GKE Volume Attach/mount error for regional persistent disk

huangapple go评论128阅读模式
英文:

GKE Volume Attach/mount error for regional persistent disk

问题

I understand that you'd like a translation of the provided technical content. Here's the translation:

"我遇到了一个volumeattach错误。我有一个地区性持久磁盘,它与我的地区性GKE集群在同一个GCP项目中。我的地区性集群位于europe-west2,节点在europe-west2-a、b和c。该地区性磁盘在europe-west2-b和c区域复制。

我有一个nfs服务器部署清单,引用了gcePersistantDisk。

这是我的部署清单:

(清单内容)

和我的pv/pvc清单:

(清单内容)

当我应用上面的部署清单时,我收到以下错误:

'rpc错误:code = 不可用,描述 = 由于退避条件,不允许在节点“projects/ap-mc-qa-xxx-xxxx/zones/europe-west2-a/instances/node-instance-id”上执行ControllerPublish操作'

卷附加告诉我:

'附加错误:消息:rpc错误:code = 未找到,描述 = ControllerPublishVolume找不到ID为projects/UNSPECIFIED/zones/UNSPECIFIED/disks/my-regional-disk-name的卷:googleapi:错误0:未找到'

这些清单在部署到分区集群/磁盘时似乎工作正常。我已经检查了一些事项,比如确保集群服务帐户具有必要的权限。磁盘当前未被使用。

我漏掉了什么?"

Please note that the technical details and code remain in English, as requested. If you need further assistance or have any specific questions about this technical issue, please feel free to ask.

英文:

I am struggling with a volumeattach error. I have a regional persistent disk which is in the same GCP project as my regional GKE cluster. My regional cluster is in europe-west2 with nodes in europe-west2-a, b and c. the regional disk is replicated across zones europe-west2-b and c.

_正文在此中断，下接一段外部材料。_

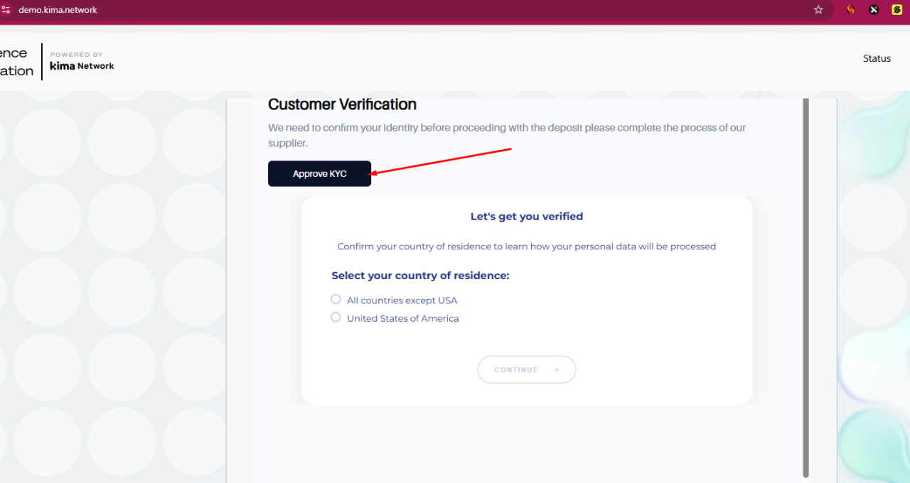 6. Please skip the KYC process by pressing the "Approve KYC" button. KYC will be required in the Mainnet version.

I have a nfs-server deployment manifest which refers to the gcePersistantDisk.

apiVersion: apps/v1
kind: Deployment
metadata:
  annotations: []
  labels:
    app.kubernetes.io/managed-by: Helm
  name: nfs-server
  namespace: namespace
spec:
  progressDeadlineSeconds: 600
  replicas: 1
  selector:
    matchLabels:
      role: nfs-server
  strategy:
    rollingUpdate:
      maxSurge: 25%
      maxUnavailable: 25%
    type: RollingUpdate
  template:
    metadata:
      labels:
        role: nfs-server
    spec:
      serviceAccountName: nfs-server 
      containers:
      - image: gcr.io/google_containers/volume-nfs:0.8
        imagePullPolicy: IfNotPresent
        name: nfs-server
        ports:
        - containerPort: 2049
          name: nfs
          protocol: TCP
        - containerPort: 20048
          name: mountd
          protocol: TCP
        - containerPort: 111
          name: rpcbind
          protocol: TCP
        securityContext:
          privileged: true
        terminationMessagePath: /dev/termination-log
        terminationMessagePolicy: File
        volumeMounts:
        - mountPath: /data
          name: nfs-pvc
      dnsPolicy: ClusterFirst
      restartPolicy: Always
      schedulerName: default-scheduler
      securityContext: {}
      terminationGracePeriodSeconds: 30
      volumes:
      - gcePersistentDisk:
          fsType: ext4
          pdName: my-regional-disk-name
        name: nfs-pvc
      affinity:
        nodeAffinity:
          requiredDuringSchedulingIgnoredDuringExecution :
            nodeSelectorTerms: 
              - matchExpressions:
                - key: topology.gke.io/zone
                  operator: In
                  values:
                      - europe-west2-b
                      - europe-west2-c

and my pv/pvc

apiVersion: v1
kind: PersistentVolume
metadata:
  name: nfs-pv
spec:
  accessModes:
  - ReadWriteMany
  capacity:
    storage: 200Gi
  nfs:
    path: /
    server: nfs-server.namespace.svc.cluster.local
  persistentVolumeReclaimPolicy: Retain
  volumeMode: Filesystem
---
apiVersion: v1
kind: PersistentVolumeClaim
metadata:
  labels:
    app.kubernetes.io/managed-by: Helm
  name: nfs-pvc
  namespace: namespace
spec:
  accessModes:
  - ReadWriteMany
  resources:
    requests:
      storage: 8Gi
  storageClassName: ""
  volumeMode: Filesystem
  volumeName: nfs-pv

When I apply my deployment manifest above I get the following error:

'rpc error: code = Unavailable desc = ControllerPublish not permitted on node "projects/ap-mc-qa-xxx-xxxx/zones/europe-west2-a/instances/node-instance-id" due to backoff condition'

The volume attachment tells me this:

Attach Error: Message:  rpc error: code = NotFound desc = ControllerPublishVolume could not find volume with ID projects/UNSPECIFIED/zones/UNSPECIFIED/disks/my-regional-disk-name: googleapi: Error 0: , notFound

These manifests seemed to work fine when it was deployed for a zonal cluster/disk. I've checked things like making sure the cluster svc acct has the necessary permissions. Disk is currently not in use.

What am I missing???

答案1

得分: 0

I think we should focus on the type of Nodes that make up your Kubernetes cluster.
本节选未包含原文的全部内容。